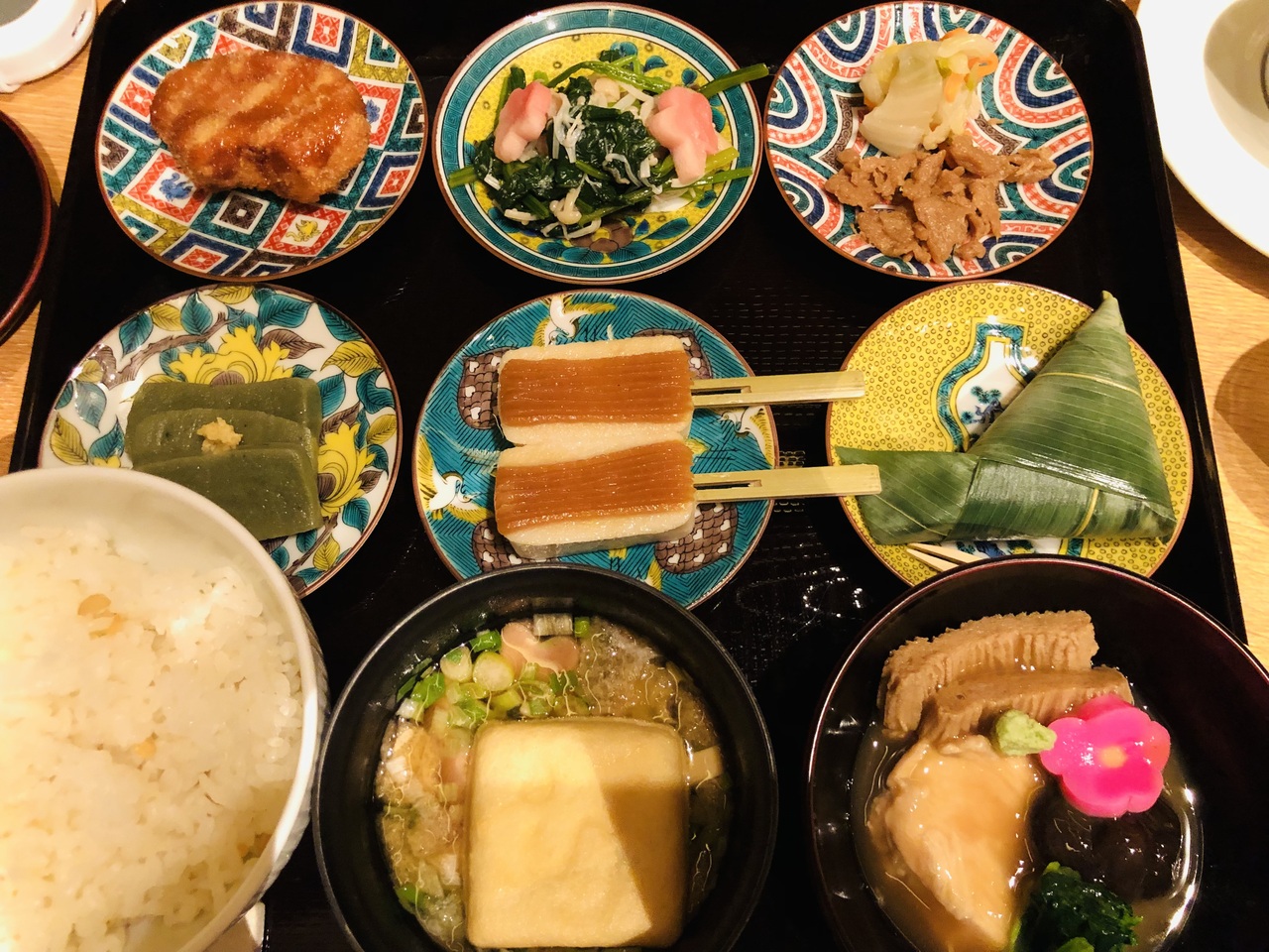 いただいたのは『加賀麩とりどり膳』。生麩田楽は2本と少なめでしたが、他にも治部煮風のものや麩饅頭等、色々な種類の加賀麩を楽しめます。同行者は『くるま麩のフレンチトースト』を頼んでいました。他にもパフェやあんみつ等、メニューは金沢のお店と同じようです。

...

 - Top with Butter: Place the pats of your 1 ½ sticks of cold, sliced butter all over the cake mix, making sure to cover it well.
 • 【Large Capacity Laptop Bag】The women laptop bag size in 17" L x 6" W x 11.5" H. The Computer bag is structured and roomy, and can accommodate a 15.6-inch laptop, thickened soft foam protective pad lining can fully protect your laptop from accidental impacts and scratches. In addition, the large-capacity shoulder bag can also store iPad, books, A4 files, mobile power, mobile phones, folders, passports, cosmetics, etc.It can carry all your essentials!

• WHAT THIS TASK INVOLVES: Scan the data for the word "your" and copy every line where it shows up.

• ANSWER SPACE:
 - Top with Butter: Place the pats of your 1 ½ sticks of cold, sliced butter all over the cake mix, making sure to cover it well.
 • 【Large Capacity Laptop Bag】The women laptop bag size in 17" L x 6" W x 11.5" H. The Computer bag is structured and roomy, and can accommodate a 15.6-inch laptop, thickened soft foam protective pad lining can fully protect your laptop from accidental impacts and scratches. In addition, the large-capacity shoulder bag can also store iPad, books, A4 files, mobile power, mobile phones, folders, passports, cosmetics, etc.It can carry all your essentials!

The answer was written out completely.